Ok. I admit it. Sometimes……….I watch Martha Stewart.
*Phew* That was easier than I thought!
So, I was watching…that show…when the “coming up next” announcement came on, and these perfect little tartes with potatoes and onions were promised, and I was hooked. I watched the entire segment, and then went online and watched the clip again, printed the recipe, and got to work. They looked deceptively easy! Brilliantly tasty! And I just HAD to see if HER recipe could really be made by a mere mortal.
I am still in shock.
I modified the recipe a bit to make it more of a main course for our dinner last night, as we were in a hurry to get somewhere, and did not have a whole lot of time. This was the PERFECT soloution. These are easy to prepare, only take 20 minutes to bake, and are simple and tasty! I give you:
- Recipe for two pie crusts:
2 1/4 c flour
3/4 tsp. salt
1/2 c chilled shortening, cut into pieces
2 T. butter, chilled and cut into pieces
5 T. cold water
- 2 yellow onions, cut into 1/4 inch thick rounds
- 5 small potatoes, any kind (i used some russet and some red), peeled (unless you use red) and cut into 1/4 inch thick rounds
- fresh thyme, chopped
- kosher salt and freshly ground pepper
- 1/4 c basalmic vinegar
- pinch of refined sugar
- 4 T. butter
Preheat oven to 425 degrees Farenheit.
To Make Pie Crusts With A Kitchen Aid Because You Have Not Lived Until You Have Used One:
Place flour and salt in mixer bowl. Attach flat beater to stand and mix for a few seconds to blend. Cut shortening and butter in to flour and salt. Turn to stir speed and mix until shortening and butter have formed coarse crumbs. Continuing on stir speed, mix in water, one tablespoon at a time, mixing until ingredients are moistened enough to form a soft ball. Divide in two balls, cover in plastic wrap and chill until ready to use.
To begin the Tartes:
Generously butter two round 10 inch pie plates Lay onion rounds on the bottom of each pan, followed by the potatoes, slightly overlapping, in concentric circles (meaning they should completely cover the onions – her words, not mine). Sprinkle with fresh thyme, kosher salt and pepper.

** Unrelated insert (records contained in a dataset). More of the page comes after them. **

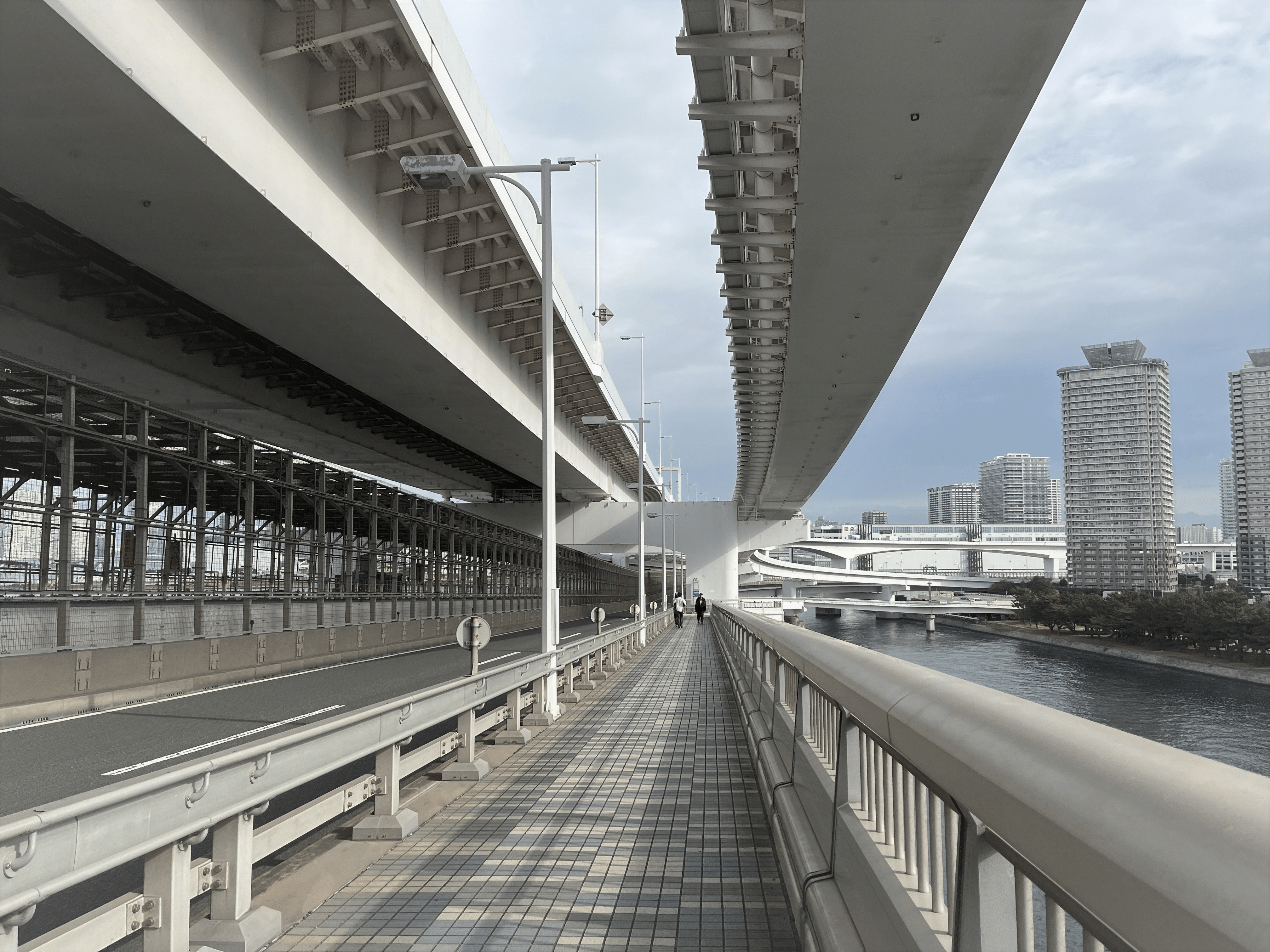 竹芝駅を過ぎて、日の出、芝浦ふ頭とゆりかもめの駅に沿って歩いていると、目の前にレインボーブリッジが!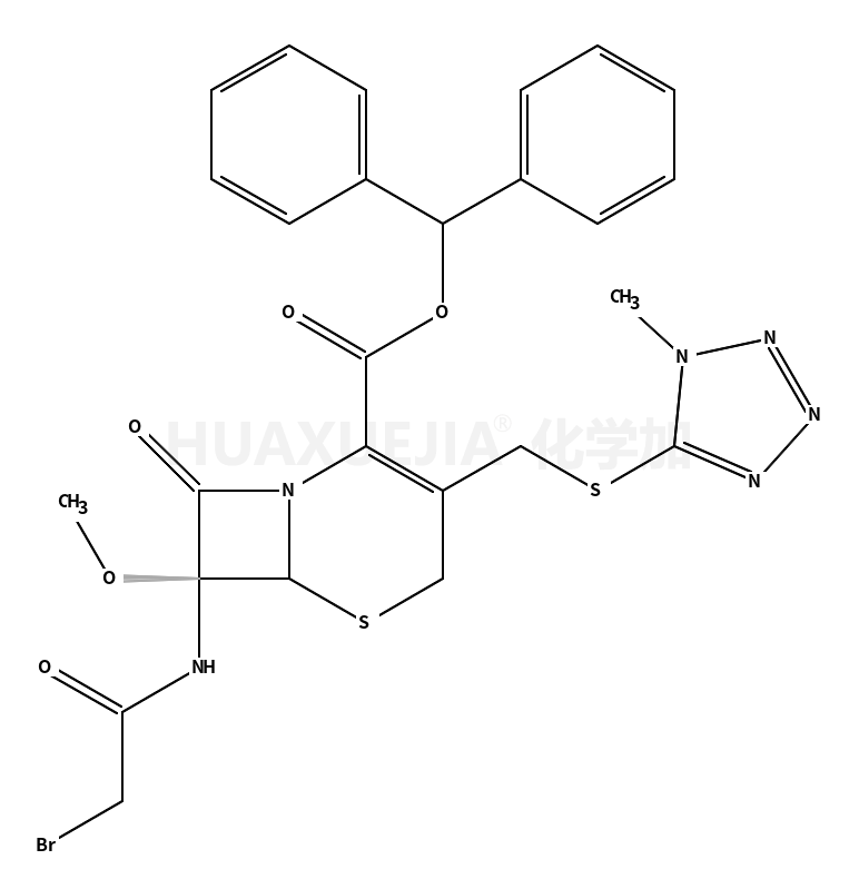 | (6R,7S)-7-[(溴乙酰)氨基]-7-甲氧基-3-[[(1-甲基-1H-四唑-5-基)硫]甲基]-8-氧代-5-硫杂-1-氮杂双环[4.2.0]辛-2-烯-2-甲酸二苯甲基酯 基本信息 | |||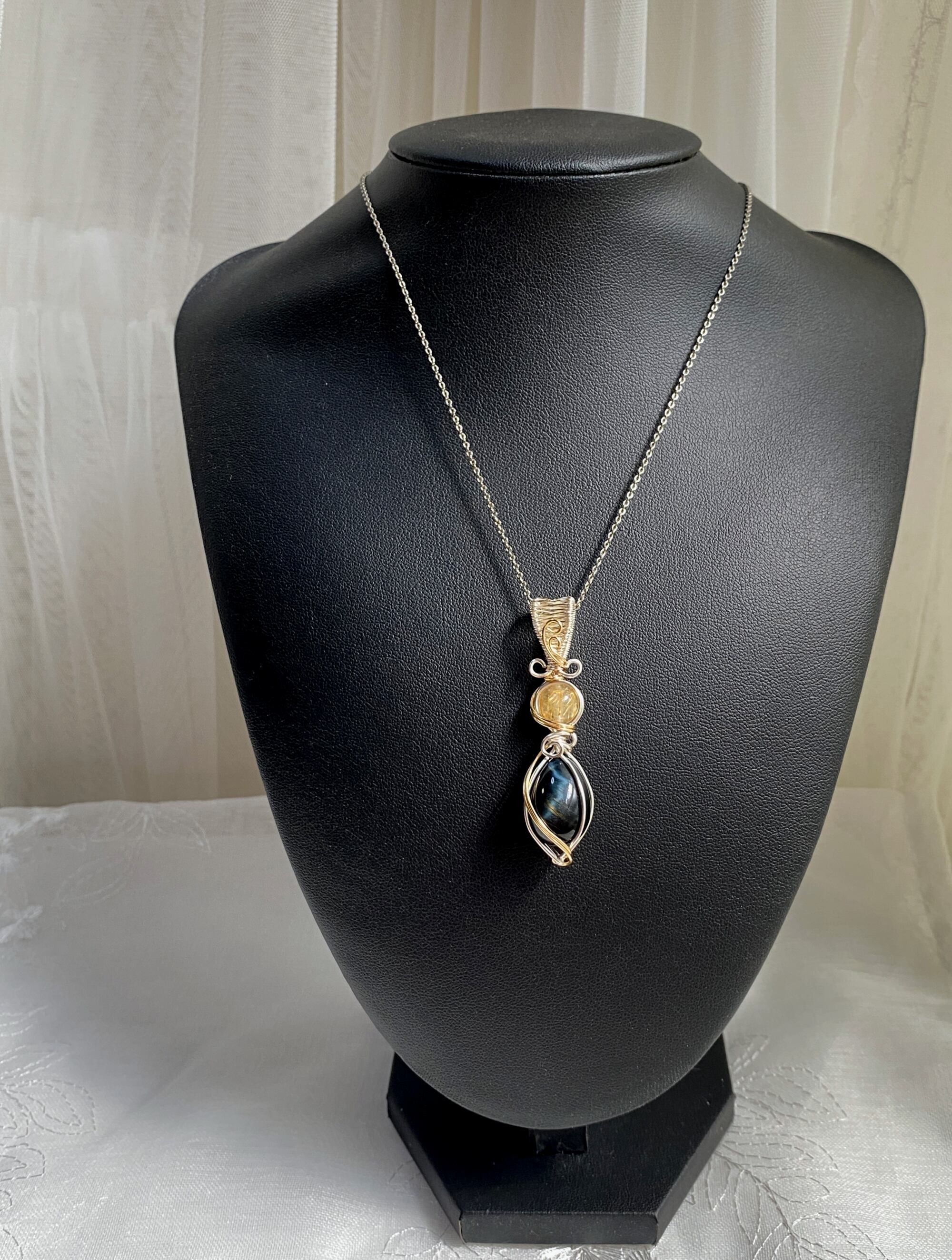 使用材料:ホークスアイ(ブルータイガーアイ)、ルチルクォーツ、アーティスティックワイヤー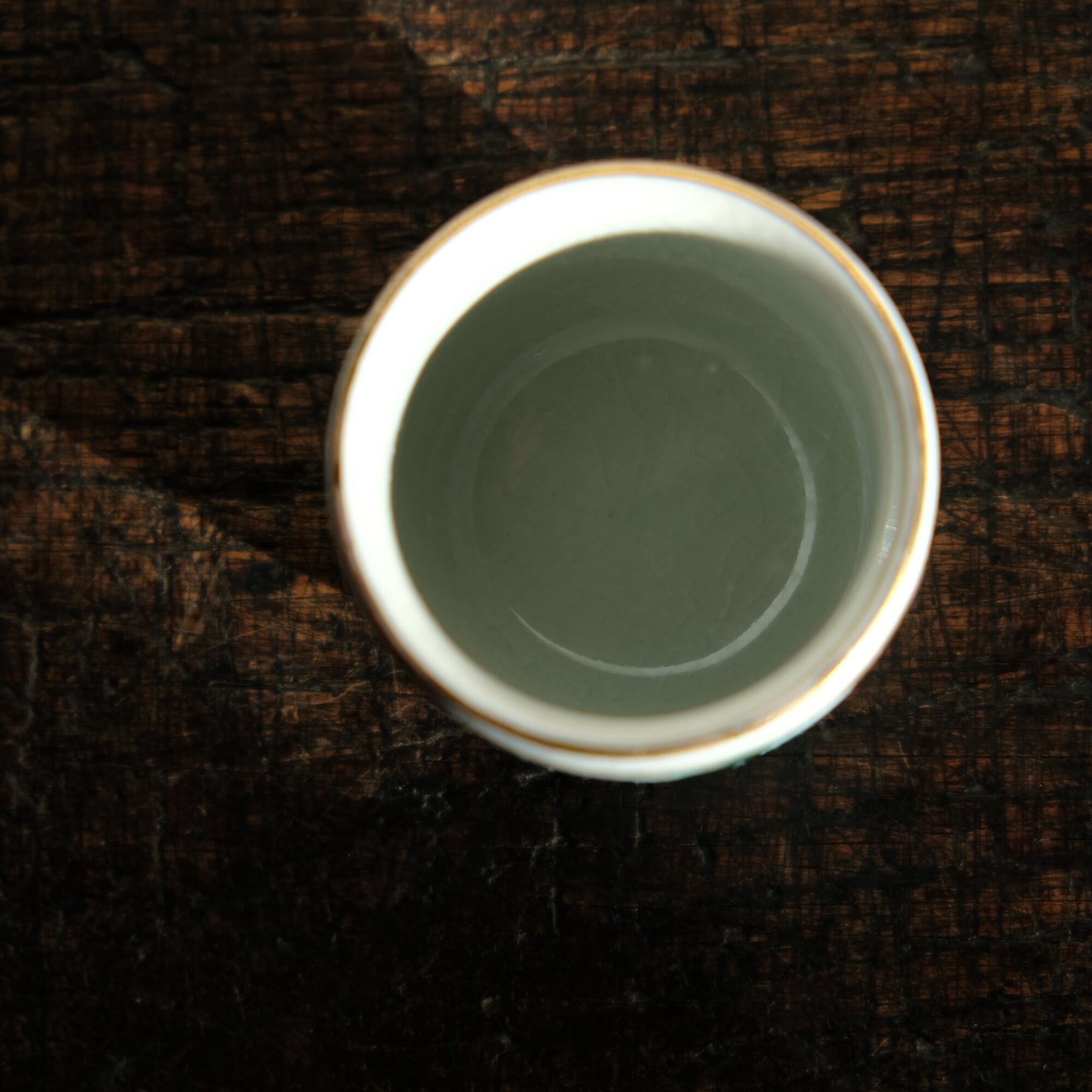カラフルな鶏(酉)◆九谷焼 色絵金彩猪口 昭和レトロ 干支 酒器 コレクション 古民家 古道具 b1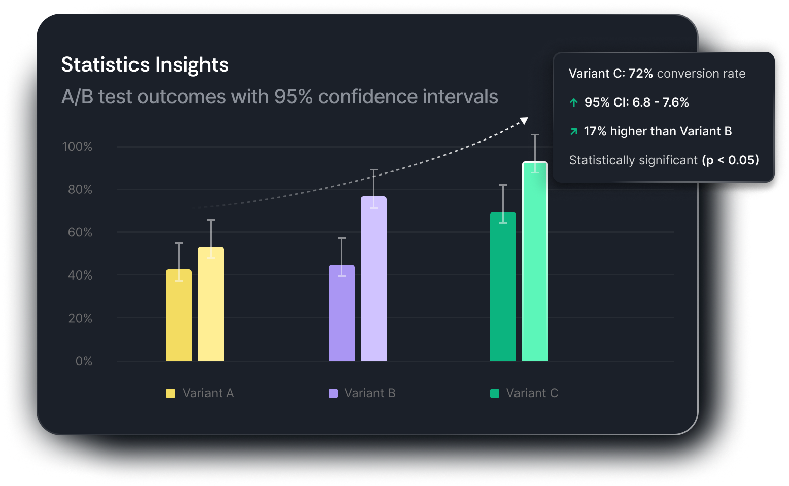 Make data-driven decisions with confidence using robust statistical tools to analyze experiment results. Get plain-English insights like “Variant B will likely increase Q4 revenue by $227K.”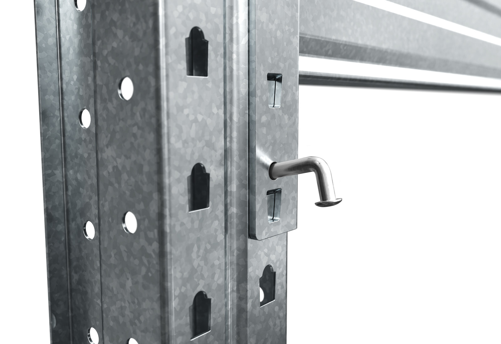 Safety & protection equipment and useful accessories for this type of rack, such as collision protection, galvanised mesh shelves or push-through protection, can be found in our webshop.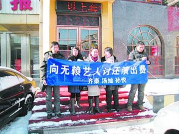昨日上午,沈陽一文化公司的5名員工在北三經(jīng)街鬧市區(qū)拉出條幅:“向無賴藝人討還演出費!”條幅下列出了三名藝人的姓名:齊秦、湯燦、孫悅。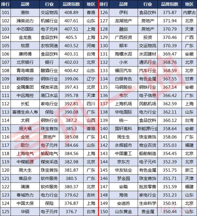 江西銅業(yè)排名第75,頤高集團排名第100;港鐵排名第101,伊利排名第126;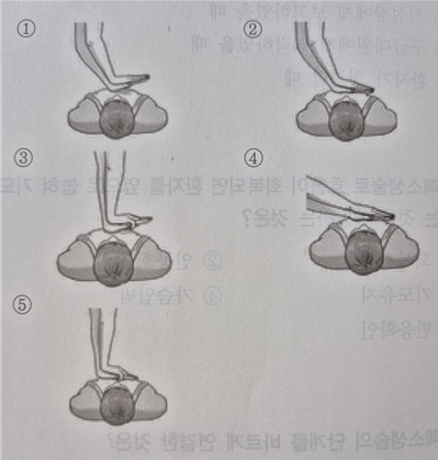 | ② | 빗장뼈 아래 | 젖꼭지 아래 중간 겨드랑선 |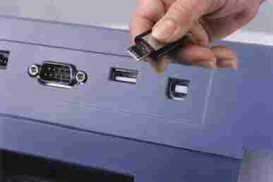 WTW的分光光度计配有3个输出界面:USB-A(连接U盘、打印机和条形码阅读器)、RS232以及连接电脑的USB-B接口。可以用U盘来快速实现以下功能:

Roll out pie crusts and pierce with a fork all over each round. Lay crust over each pie plate, and trim off any excess over the edges.
Bake at 450 degrees Farenheit for about 20 minutes, until golden brown.
While tartes are baking, in a small saucepan combine basalmic vinegar and sugar over medium heat. Bring to a simmer and cook until it reduces to a syrup, about 4 minutes. Whisk in butter, 1 T. at a time, until well incorporated.
As soon as tartes are done, immediately invert onto a serving platter and glaze with basalmic syrup and extra salt and pepper. Cut into wedges and serve with a Really Good Salad.